I’ve been collecting a few notes on using the tidymodels workflow for modelling, and thought it might be worth sharing them here. More for personal reference than anything, but someone might find my ramblings useful!
For demonstration purposes I’m going to use the credit_data
dataset from the modeldata
package. This is a fairly simple data set that doesn’t require too much wrangling to get going.
library(modeldata)
library(tidymodels)
library(tidyverse)
library(doParallel)
library(probably)
library(gt)
data("credit_data")
glimpse(credit_data)
Rows: 4,454
Columns: 14
$ Status <fct> good, good, bad, good, good, good, good, good, go…
$ Seniority <int> 9, 17, 10, 0, 0, 1, 29, 9, 0, 0, 6, 7, 8, 19, 0, …
$ Home <fct> rent, rent, owner, rent, rent, owner, owner, pare…
$ Time <int> 60, 60, 36, 60, 36, 60, 60, 12, 60, 48, 48, 36, 6…
$ Age <int> 30, 58, 46, 24, 26, 36, 44, 27, 32, 41, 34, 29, 3…
$ Marital <fct> married, widow, married, single, single, married,…
$ Records <fct> no, no, yes, no, no, no, no, no, no, no, no, no, …
$ Job <fct> freelance, fixed, freelance, fixed, fixed, fixed,…
$ Expenses <int> 73, 48, 90, 63, 46, 75, 75, 35, 90, 90, 60, 60, 7…
$ Income <int> 129, 131, 200, 182, 107, 214, 125, 80, 107, 80, 1…
$ Assets <int> 0, 0, 3000, 2500, 0, 3500, 10000, 0, 15000, 0, 40…
$ Debt <int> 0, 0, 0, 0, 0, 0, 0, 0, 0, 0, 0, 0, 2500, 260, 0,…
$ Amount <int> 800, 1000, 2000, 900, 310, 650, 1600, 200, 1200, …
$ Price <int> 846, 1658, 2985, 1325, 910, 1645, 1800, 1093, 195…
First, I’ll split the sample into training and testing sets using rsample
. As well as create v-fold cross-validation set for use in the tuning step later.
set.seed(122)
credit_data <- credit_data %>%
drop_na(Status)
# initial split
split <- initial_split(credit_data, prop = 0.75, strata = "Status")
# train/test sets
train <- training(split)
test <- testing(split)
# cross validation set
folds <- vfold_cv(train, v = 5)
Next, I’ll set up the recipe using recipies
. As well as defining the formula for the model, I’ve created two preprocessing steps:
rec <- recipe(Status ~ ., data = train) %>%
step_bagimpute(Home, Marital, Job, Income, Assets, Debt) %>%
step_dummy(Home, Marital, Records, Job, one_hot = T)

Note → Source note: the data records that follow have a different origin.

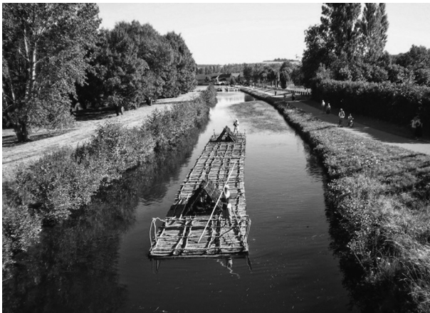
FIG. 4. — Part-de-train (36 m) : réplique de train de bois réalisée par l'Association Flotescale ( www.flotescale.org ).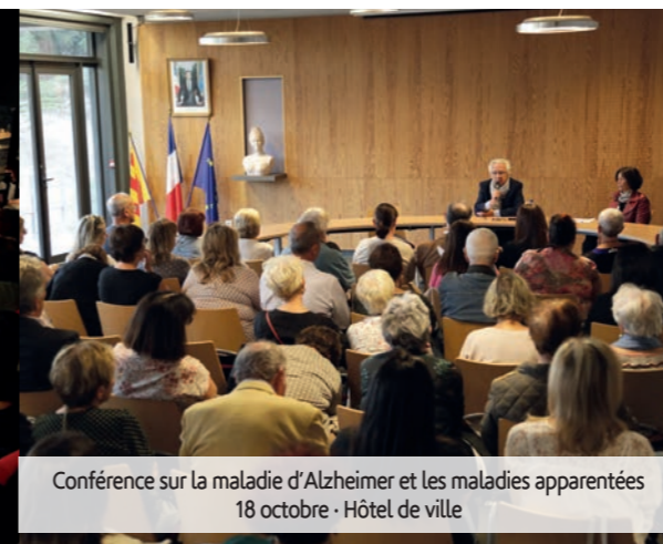
Conférence sur la maladie d'Alzheimer et les maladies apparentées 18 octobre - Hôtel de ville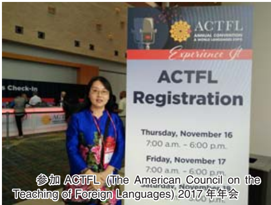
参加 ACTFL (The American Council on the Teaching of Foreign Languages) 2017 年年会

这时,孔院的领导、老师们似乎非常清楚新教师的这种状态。他们按部就班地为我们提供了各种学习和成长的帮助,孔院的美方院长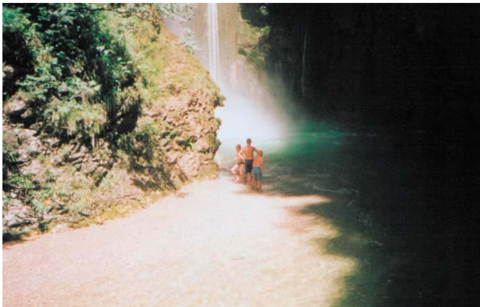
Badning ved vandfald.

var at Alice smed Suzukien. Der kom straks nogen og ville hjælpe med at få cyklen op at stå og gjorde Alice opmærksom på at de da synes det var en pæn cykel inden hun smed den. Der knækkede heldigvis kun et blinklys, kåben var vist knækket i forvejen da hun smed Suzukien udenfor campingpladsen sidste år. Da vi havde fået teltene slået op gik vi i soveposerne og sov rigtig godt efter en 16 timer lang dag. Dagen efter slappede vi bare af og de gamle bællede øl som jeg aldrig har set mage til før og så spillede vi også Uno men far havde vist svært ved at koncentrere sig om spillet, jeg tror han var blevet svimmel af at bære flasker væk. Da vi vågnede næste dag havde far det meget bedre og nu synes han at jeg skulle ud og se en masse flotte veje så vi kørte op i en masse hårnålesving og far kørte helt ud til kanten så han var sikker på at jeg

Now I’ll prepare the model specification using parsnip
. Here I’m using an xgboost model and specify the parameters I want to tune using Bayesian optimisation. The mtry
parameter requires one additional step to finalise the range of possible values (because it depends on the number of variables in the data and a suitable range of values to test can’t be estimated without that information).
mod <- boost_tree(
trees = 1000,
min_n = tune(),
learn_rate = tune(),
loss_reduction = tune(),
sample_size = tune(),
mtry = tune(),
tree_depth = tune()
) %>%
set_engine("xgboost") %>%
set_mode("classification")
params <- parameters(mod) %>%
finalize(train)
In this step I’ve bundled all the above steps into a workflow. This avoids the need to use the juice
, bake
and prep
functions (which I never quite got my head around…!).
xgboost_wflow <- workflow() %>%
add_recipe(rec) %>%
add_model(mod)
Now we are ready to OPTIMISE. I’m going to use an iterative search through Bayesian optimisation to predict what parameters to try next (as opposed to a grid search where we need to specific parameters values in advance).
First I set up some addition works so the tests can be run in parallel, and then use the tune_bayes()
function to set up the tuning. Here I’ve decided to:
options(tidymodels.dark = TRUE)
cl <- makePSOCKcluster(8)
registerDoParallel(cl)
tuned <- tune_bayes(
object = xgboost_wflow,
resamples = folds,
param_info = params,
iter = 30,
metrics = metric_set(pr_auc),
initial = 10,
control = control_bayes(
verbose = TRUE,
no_improve = 10,
seed = 123
)
)
After a little while, we’re done! The top combinations were:
show_best(tuned, "pr_auc")%>%
select(1:7, 11) %>%
gt()
mtry | min_n | tree_depth | learn_rate | loss_reduction | sample_size | .metric | std_err |
---|---|---|---|---|---|---|---|
14 | 13 | 4 | 1.949228e-02 | 1.295324e-10 | 0.2703632 | pr_auc | 0.01525507 |
1 | 13 | 4 | 1.615862e-02 | 3.036423e-03 | 0.8919163 | pr_auc | 0.01816570 |
13 | 5 | 12 | 1.057048e-05 | 3.710341e-09 | 0.5714647 | pr_auc | 0.02226760 |
11 | 23 | 14 | 2.847187e-02 | 6.473076e-08 | 0.2472379 | pr_auc | 0.01866750 |
10 | 5 | 12 | 3.553680e-02 | 1.867881e-01 | 0.3068261 | pr_auc | 0.01438201 |
Now we can create our final model using these parameters.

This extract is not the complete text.